The bands can be connected to the segments by connecting means, such as studs or bolts. Studs or bolts can extend through apertures in the band to engage the pipe engaging segments. One or more studs, bolts, or other connecting means may be used to secure each pipe engaging segment to the band. The band may be substantially the same width as the pipe engaging segments.

Other means for securing the band to each of the pipe engaging segments can also be used. For example each pipe engaging segment can be plug welded to the band, and/or a key and keyway mechanism may be used to connect the segments. One mechanism to couple the band to the pipe engaging segments can comprise a key mechanism. The bottom surface of the band can comprise a keyway in the form of a slot which is configured to receive a key connected to the top surface of the pipe engaging segment. The key can be a raised protrusion on the top surface of the segment that is sized and configured to fit into the keyway located in the band. The keyway can be a slot in the bottom surface of the band that extends through the band, or the keyway may be a recess that extends partially into the surface having sidewalls and a base, to receive a

correspondingly shaped key. The keyway may have a substantially rectangular cross-section that extends transversely across the width of the band. The keyway may extend partially across the width of the band.

The inner and end engaging segments are subjected to different forces during makeup. Therefore the end pipe engaging segments and the inner pipe engaging segments can be connected to the band by different and/or multiple mechanisms. In one embodiment the bands can be connected to the end pipe engaging segments by a first mechanism and the bands can be connected to the inner pipe engaging segments by a second mechanism. The band can be connected to the end pipe engaging segment by a further third mechanism. The third mechanism connecting the end pipe engaging segments to the band may be the same or different to the second mechanism connecting the inner pipe engaging segments to the band.

The end pipe engaging segments may comprise a further mechanism to secure the band segments. The further mechanism may comprise a butt plate strap or pocket configured such that the end of the band can slide into the strap or pocket. In one embodiment the inner pipe engaging segments may be connected to the band to transfer load from the band to the segment and the end pipe engaging segments may be connected via a shear transfer mechanism, such as a shear key.

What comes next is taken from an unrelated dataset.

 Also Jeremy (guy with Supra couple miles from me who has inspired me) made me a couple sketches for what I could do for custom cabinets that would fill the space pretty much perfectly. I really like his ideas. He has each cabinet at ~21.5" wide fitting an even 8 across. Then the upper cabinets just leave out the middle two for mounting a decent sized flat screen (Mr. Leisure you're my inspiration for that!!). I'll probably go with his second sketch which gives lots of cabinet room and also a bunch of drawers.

The inner pipe engaging segments can be connected to the band by bolts and the end pipe engaging segments can be connected via a key mechanism. The end pipe engaging segments can be connected to the band by two different mechanisms a key mechanism and bolts. The key mechanism helps transfer load in shear and the bolts secure the joint together stabilising the load through the key, this also secures the segments to the band.

The band and pipe engaging segments comprise steel and/or a steel alloy. In one embodiment the band and pipe engaging segments are composed of different materials. Different steel alloys can be used for the band and the pipe engaging segments. The pipe engaging segments can comprise the same material as the hubs. The material used can depend on the pressure requirements. The adjustable connecting members are fasteners and can comprise a bolt and nut arrangement. The apparatus comprises two connecting members that can be tightened to close the clamp and secure the clamp about the pipes. A first connecting member connects the first ends of the first assembly and second assembly and a second connecting member connects the second ends of the first assembly and second assembly.

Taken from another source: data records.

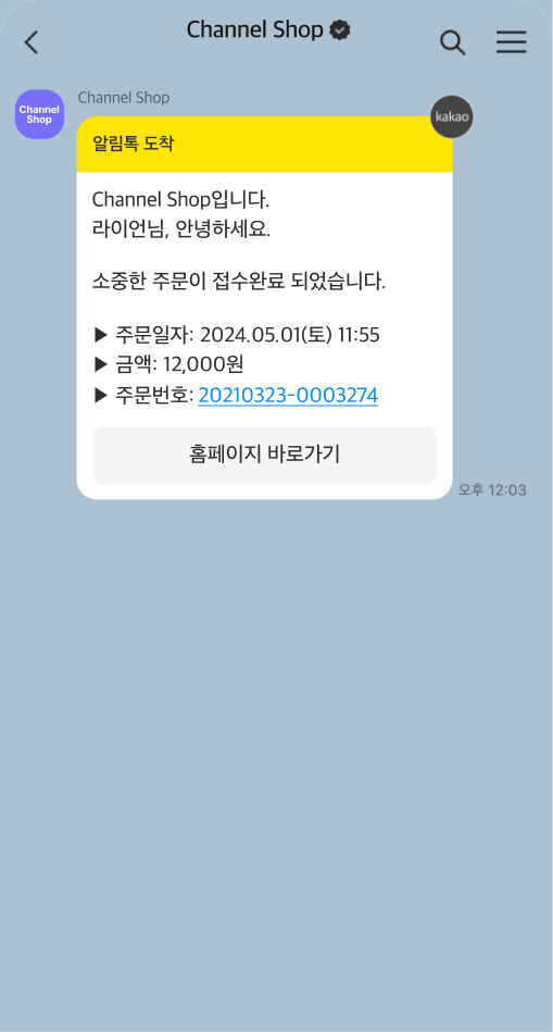 자사몰 회원 정보를 활용해 주문, 결제, 배송 등 상황에 맞춰 발송되는 정보성 메시지입니다.
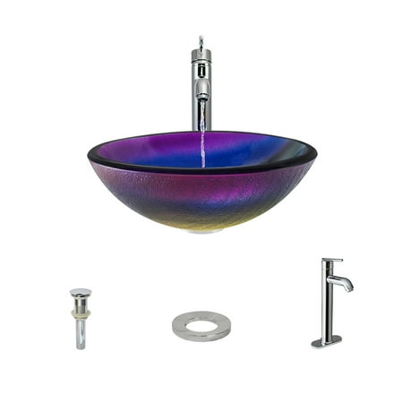 MR Direct 619-718-C Glass Vessel Sink in Rainbow Frost with Faucet and Pop-Up Drain in Chrome, 718, Multi
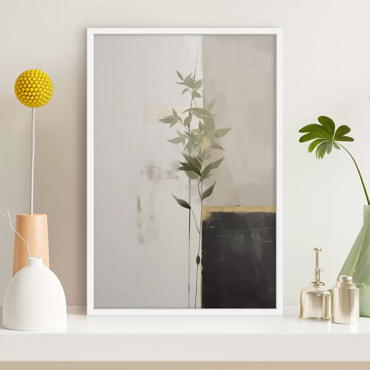 Poster Un dipinto minimalista e materico raffigurante un vaso con foglie verdi su uno sfondo di forme geometriche astratte. f47037

The connecting members are threaded connecting bolts. The bolts are fastened with the application of torque. In one embodiment of the bolt and nut arrangement one of the nuts used on the bolt may be a self-locking nut.

A further aspect of the invention comprises a method of securing a first pipe to a second pipe or further subsea installation comprising arranging the pipe connecting apparatus as described above around flanged hubs of the first pipe and second pipe or further installation; and applying torque to the connecting members of the pipe connecting apparatus to clamp the pipe connecting apparatus about the first pipe and second pipe or further installation.

The method can further comprise an engaging a torque device to each connecting member of the pipe connecting apparatus; and simultaneously applying torque to the first and second connecting members to clamp the pipe connecting apparatus. By using two connecting members less torque is required for a given preload, as compared to a single bolt used to connect a plurality of segments. It is provides an apparatus where less material is required, making the apparatus lighter and less expensive to manufacture. Brief Description of the Drawings

Embodiments of the present invention will now be described, by way of example only with reference to the accompanying drawings, in which:

Figure 1 is a front view of an embodiment of the clamp;

Figure 2 is a front perspective view of an embodiment of the clamp; and Figure 3 is a side view of an embodiment of the clamp;

Figure 4 is sectional view showing an embodiment of the clamp around hubs of pipes;

Figure 5 is enlarged partial sectional view showing an embodiment of the clamp around hubs of pipes;

Figure 6 is a sectional end view of the pipe engaging segments; Figure 7 is a front sectional view of an embodiment of the clamp;

Figure 8 is a front sectional view of an embodiment of the clamp;

Figure 9 is an enlarged partial sectional view of a an embodiment of the clamp and a fastening member; Figure 10A-D is views of an inner pipe engaging segment. Figure 10A shows a side view; Figure 10B shows an end view, Figure 10C shows a front perspective view and Figure 10D shows a top view;

Figure 1 1 A-F is views of a top end pipe engaging segment. Figure 1 1 A shows a side view; Figure 1 1 B shows an end view, Figure 1 1 C shows a front perspective view; Figure 1 1 D shows a back perspective view; Figure 1 1 E shows a top perspective view, and Figure 1 1 F shows a bottom view;

Figure 12A-C is views of a bottom end pipe engaging segment. Figure 12A shows a bottom view; Figure 12B shows a top view, and Figure 12C shows a cross-sectional view;

Figure 13 shows a view of connecting mechanisms for the band and end pipe engaging segments; and

Figure 14 shows a sectional view of connecting mechanisms for the band and end pipe engaging segments.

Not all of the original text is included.